What are you trying to ask? What happened to the mini, or the character himself? I dunno about the mini, but as for the character, there are rumors circulating that believe that Cypher is actually Lion El'Jonson himself, due to the fact that he has been seen with the fabled "Lion Sword" that he never actually uses in combat. Probably common knowledge, eh?


----------



## Mad King George (Jan 15, 2008)

i thought he was dark angels


----------



## Vitaeus (Jan 27, 2008)

He's a Fallen Dark Angel. It makes _some_ sense to put him with Chaos, but it seems a bit iffy as far as staying canon. Just my opinion.


----------



## Sons of Russ (Dec 29, 2007)

They put him on the Chaos list to throw noobs off....

He is considered a Fallen Dark Angel who has seen the error of his ways.... He is rumoured to carry the Lion Sword and his random sightings make a pattern that has him eventually returning to Holy Terra.

According to uber-conspiracy canon, he will use the sword to free the Emperor's Soul from the Golden Throne and thus bring the prophecy of the Star Child to fruition.

Of course, GW will never actually let that happen, because it would radically shift the paradigms of the 40k universe.....


----------



## Djinn24 (Jan 12, 2008)

In 3rd edition Cypher is the most notorious of the Fallen. He was usable in 3rd edition of the chaos codex but was removed in the 4th edition for unknown reasons. It has been stated that Jervis has said he does not consider the Fallen as chaos or even followers of chaos. We may see him in another codex soon, or he might just be removed from the game completely.


----------



## O'sharan (Nov 3, 2007)

Is this a rules questions? sounds like fluff.


----------



## Mad King George (Jan 15, 2008)

no just what happened to him.

hence i had dante for blood angels and then they took him away "in theory"

people who had cypher for dark angels i see him no more on tables


----------



## The Wraithlord (Jan 1, 2007)

He is no longer part of any rulebook so has no rules to go with the mini at the current time. As such, any real discussion on him really belongs in fluff now so....

Moved to 40K Fluff


*The Wraithlord
Heretical High Council*


----------



## Mad King George (Jan 15, 2008)

dam cant believe they ditch characters like that


----------



## Gore Hunter (Nov 5, 2007)

Marneus Calgar said:


> Do you mean where is he now?
> 
> But i do know hes not available on the GW site. But i do know he is one of the fallen etc. He can be included in one Chaos army as a HQ i think is that right?


I saw some rules for him the other day saying He could be used in a guard Force and a Chaos Force.

What dpes'nt make sense is why would he fight for Chaos if he wants to be forgiven By the Emperor (by fixing the Lion Sword).


----------



## Mad King George (Jan 15, 2008)

Gore Hunter said:


> I saw some rules for him the other day saying He could be used in a guard Force and a Chaos Force.
> 
> What dpes'nt make sense is why would he fight for Chaos if he wants to be forgiven By the Emperor (by fixing the Lion Sword).
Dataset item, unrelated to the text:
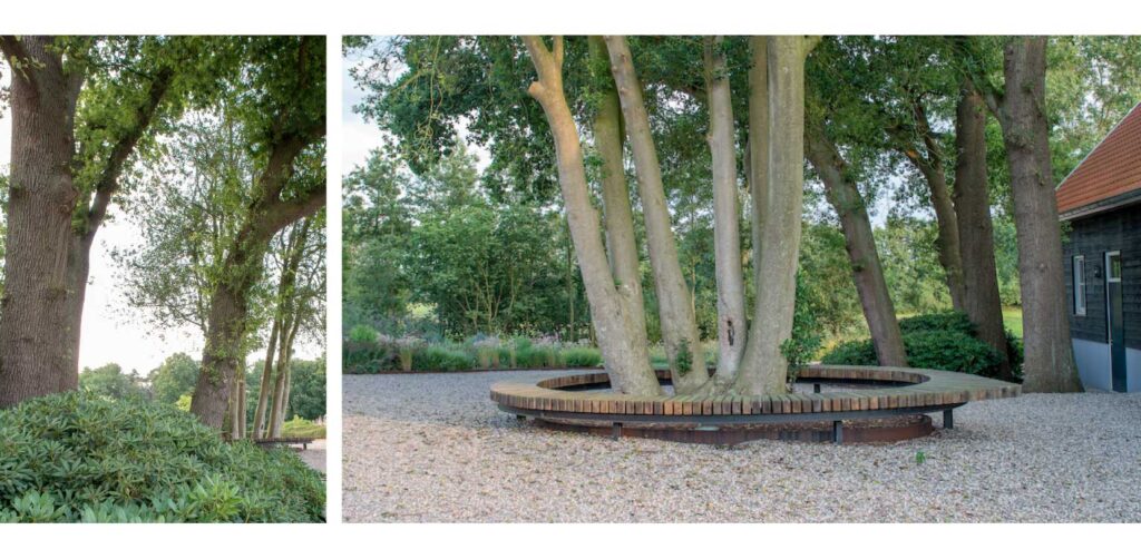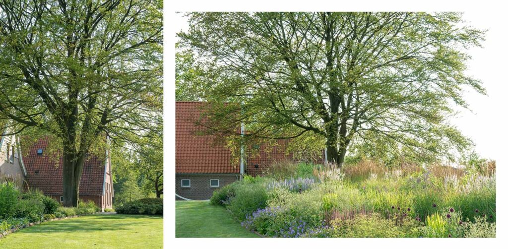 De nieuwe woning is deels gebouwd op de locatie van een oude schuur. Hierdoor blijven de karakteristieke bomen op het erf behouden. Het erf behoudt zijn speelse inrichting, waarbij de gebouwen in een driehoek liggen. De oude boerderij, gelegen aan de oprit met nieuwe lindes, blijft het visuele hoofdgebouw.

now you know how people feel about other armies they screw up

next they will say captain tycho will be fighting for the orks


----------



## Dreamseller (Nov 15, 2007)

well game wise you can use him in a imperial guard army and chaos army as an elite choice (he's an independent character aswell sooooo)

lore wise he's on his way to terra apparently still got another couple of light years to go.


----------



## Azkaellon (Jun 23, 2009)

Dreamseller said:


> well game wise you can use him in a imperial guard army and chaos army as an elite choice (he's an independent character aswell sooooo)
> 
> lore wise he's on his way to terra apparently still got another couple of light years to go.


and Fighting a 1 on 1 match with the Deceiver Apparently...


----------



## WarlordKaptainGrishnak (Dec 23, 2008)

yep he got cut....much like all Chaos Word Bearer Dark Apostles...well ones that have specific rules..hmm another reason for a SM Legions Codex


----------



## Dr Mattheus (Jan 16, 2010)

Im pretty sure you can get the cypher model on the gw site, hes under collectables in chaos i think, he just looks like a dark angel but without the emblem, i think


----------



## VanitusMalus (Jun 27, 2009)

In 3rd edition he was playable for either Chaos or Imperial Guard armies. His profile was in the Chaos book. He's one of the fallen that the dark angels are trying to keep secret, interrogator chaplains in 3rd edition had special rules concerning enemy knowing things about the fallen and they gained so many VP's (even if the army was fighting Tyranids yeah I know stupid). Anyway they dropped him after 3rd and now he's only mentioned in fluff, supposedly vanishing and reappearing closer and closer to Terra.


----------



## DavC8855 (Oct 14, 2008)

He was rumored to be the *"Voice of the Emporer"* during the 13th Black Crusade that brought about system wide uprisings. (I have the book I just don't remember where in the book it mentions this. Will have to look). That's the last time I saw any real reference to him.


----------



## Stella Cadente (Dec 25, 2006)

you gotta remember, if a character is really cool, and becomes extremely popular and is talked about every time you go near another gamer, BUT is not an ultramarine, GW will get rid of them, thats probably the most ridiculous but most believable reason why GW got rid of him. 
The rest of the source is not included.